Optimizing Trainable Parameters

Optimizing Trainable Parameters

Trainable parameters of generative functions are initialized differently depending on the type of generative function. Trainable parameters of the built-in modeling language are initialized with init_param!.

Gradient-based optimization of the trainable parameters of generative functions is based on interleaving two steps:

Parameter update

A parameter update reads from the gradient accumulators for certain trainable parameters, updates the values of those parameters, and resets the gradient accumulators to zero.

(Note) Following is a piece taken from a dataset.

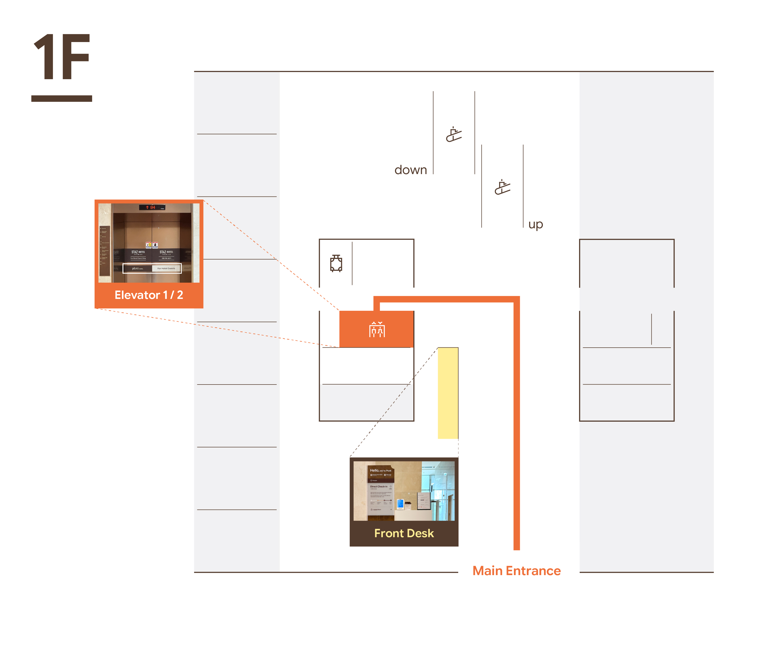 A1. 플라트 전용 엘리베이터를 이용해주셔야 숙소 층 버튼을 누르실 수 있습니다.

A paramter update is constructed by combining an update configuration with the set of trainable parameters to which the update should be applied:

Gen.ParamUpdateType.
update = ParamUpdate(conf, param_lists...)

Return an update configured by conf that applies to set of parameters defined by param_lists.

Each element in param_lists value is is pair of a generative function and a vector of its parameter references.

Example. To construct an update that applies a gradient descent update to the parameters :a and :b of generative function foo and the parameter :theta of generative function :bar:

update = ParamUpdate(GradientDescent(0.001, 100), foo => [:a, :b], bar => [:theta])

Syntactic sugar for the constructor form above.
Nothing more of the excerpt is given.